Recipe By : Pillsbury Classic Cookbooks, #289, Easy Meals for 2
Serving Size : 2 Preparation Time :0:00
Categories : Volume 9-11 Nov 2006

Amount Measure Ingredient -- Preparation Method
-------- ------------ --------------------------------
3/4 cup shredded Cheddar cheese -- (3 ounces)
2 cups refrigerated shredded hash-brown potatoes
[from a 20-ounce bag]
1/4 cup chopped green onions -- (4 medium)
1/2 teaspoon seasoned salt
1/8 teaspoon pepper
2 eggs
1/8 teaspoon Italian seasoning

Heat oven to 400 F. Spray 2 (2 cup) ovenproof bowls or ramekins with
cooking spray.

Reserve 2 tablespoons of the cheese for topping.
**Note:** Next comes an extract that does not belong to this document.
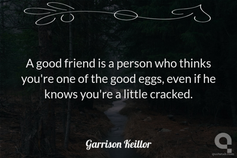 A good friend is a person who thinks you're one of the good eggs, even if he knows you're a little cracked.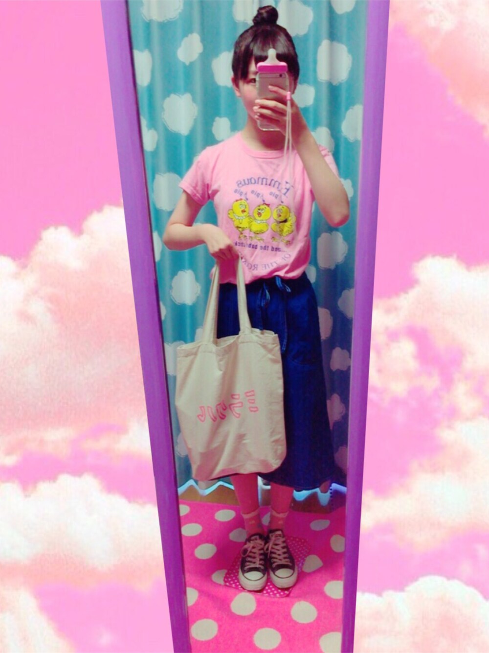 ちょっとお久しぶりです!最近買ったスカートとカバンを使ってみた!というコーディネート! 古着のスカートはエプロンっぽい感じになってて、前で縛る形! トートバックは、ミラクルがなかなか写真に写らなくて、暗くしたらどんどん脚が暗く…っていうかピンクに😭😭

In medium bowl, mix
remaining cheese, the potatoes, onions, 1/4 teaspoon of the seasoned salt
and the pepper. Press mixture in bottom and up side of each bowl, leaving
indentation in center.

Bake for 25 to 30 minutes or until edges are golden brown and crisp. remove
from oven. Break egg into center of each cup. Sprinkle with remaining 1/4
teaspoon seasoned salt, the Italian seasoning and reserved 2 tablespoons
cheese. Return to oven; bake 8 to 12 minutes longer or until eggs are set
and of desired doneness.

Makes 2 servings.

Source :
""Pillsbury Classic Cookbooks, #289, Easy Meals for 2, March, 2005, p.
S(mastercook formatting by): ""

NOTES : Tip: For a soft center, remove egg cups at the minimum cooking
time; leave them in longer for a firm or "hard" cooked egg.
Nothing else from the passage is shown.